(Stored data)
__________________________________________________
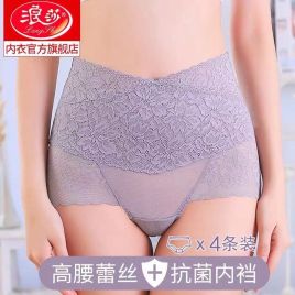 浪莎高腰蕾丝内裤女超薄无痕收腹提臀内裤女夏天塑形收小肚子WL
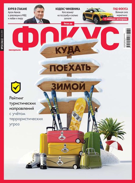 После изматывающих бесед редакцию потянуло на отдых. Но куда податься? В Египте падают, во Франции взрывают, в России сажают. В свежем номере рейтинг зимних турнаправлений с учетом террористических угроз и прочих опасностей. Обложка говорит сама за себя – к делу мы подошли основательно. 20 стран со всеми раскладками: цены, уровень безопасности, время в пути.
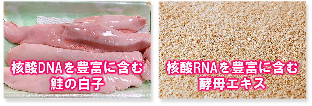「クレバードッグ」に配合されている核酸には、DNAを豊富に含む「サケの白子エキス」とRNAを豊富に含む「RNAポリアミン酵母」が使われています。
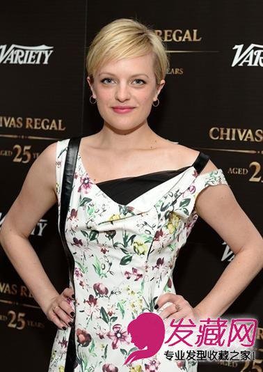 Elisabeth Moss的铂金色短发结合了现代发色和经典发型。
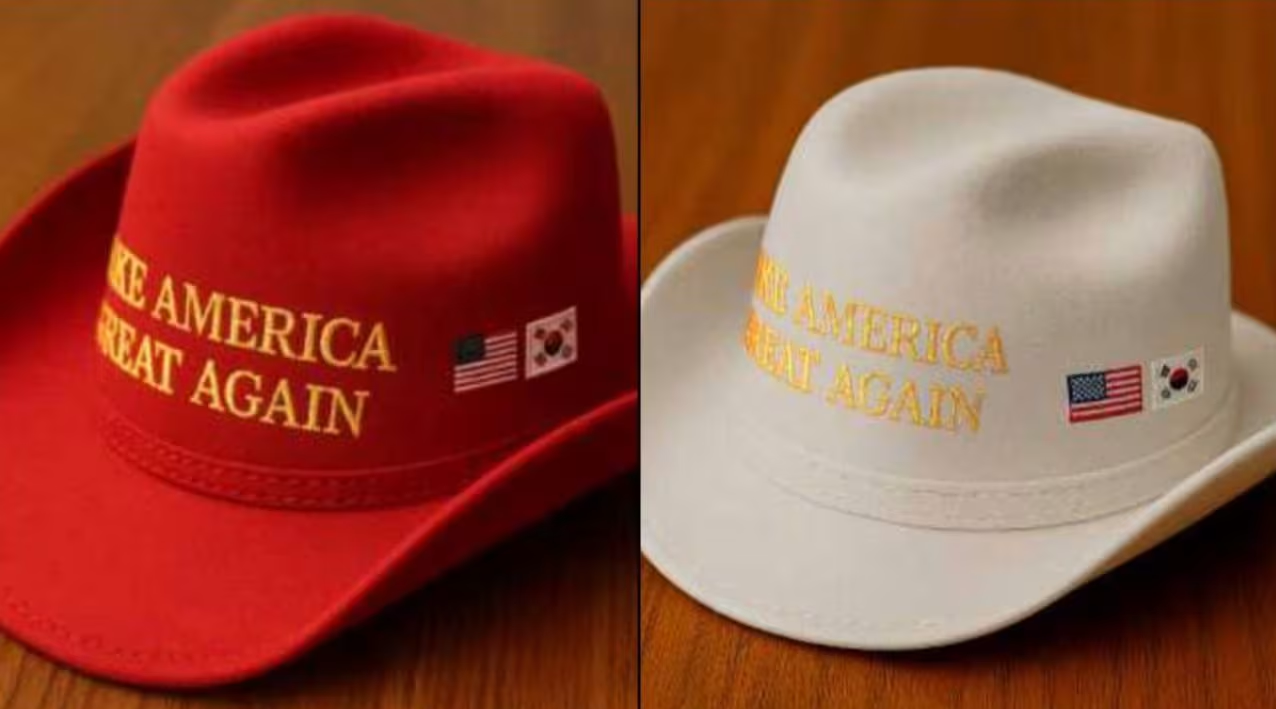 وكانت القبعة الحمراء مخصصة للترامب، بينما أُهديت القبعة البيضاء للسيدة الأمريكية الأولى ميلانيا، وكلاهما مطرزان أيضًا بعلمي الولايات المتحدة وكوريا الجنوبية.
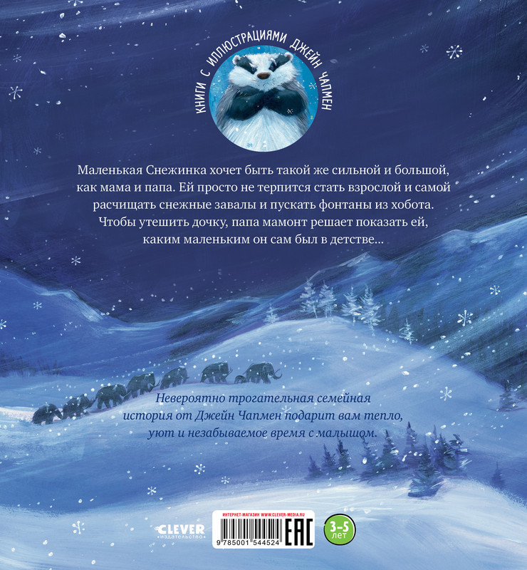 Серия: Книжки-картинки Книга «Хочу быть как ты!» входит в коллекцию «Подарок под елку». Маленькая Снежинка хочет быть такой же сильной и большой, как мама и папа. Ей просто не терпится стать взрослой и самой расчищать снежные завалы и пускать фонтаны из хобота. Чтобы утешить дочку, папа мамонт решает показать ей, каким маленьким он сам был в детстве... |
__________________________________________________
## WHAT YOU NEED TO DO
Your task is to retype, exactly and only, the lines from the line holding "وكانت القبعة الحمراء" through the final line of the data above, with both ends kept. Drop the pictures.

## EXERCISE OUTPUT
 وكانت القبعة الحمراء مخصصة للترامب، بينما أُهديت القبعة البيضاء للسيدة الأمريكية الأولى ميلانيا، وكلاهما مطرزان أيضًا بعلمي الولايات المتحدة وكوريا الجنوبية.
 Серия: Книжки-картинки Книга «Хочу быть как ты!» входит в коллекцию «Подарок под елку». Маленькая Снежинка хочет быть такой же сильной и большой, как мама и папа. Ей просто не терпится стать взрослой и самой расчищать снежные завалы и пускать фонтаны из хобота. Чтобы утешить дочку, папа мамонт решает показать ей, каким маленьким он сам был в детстве... |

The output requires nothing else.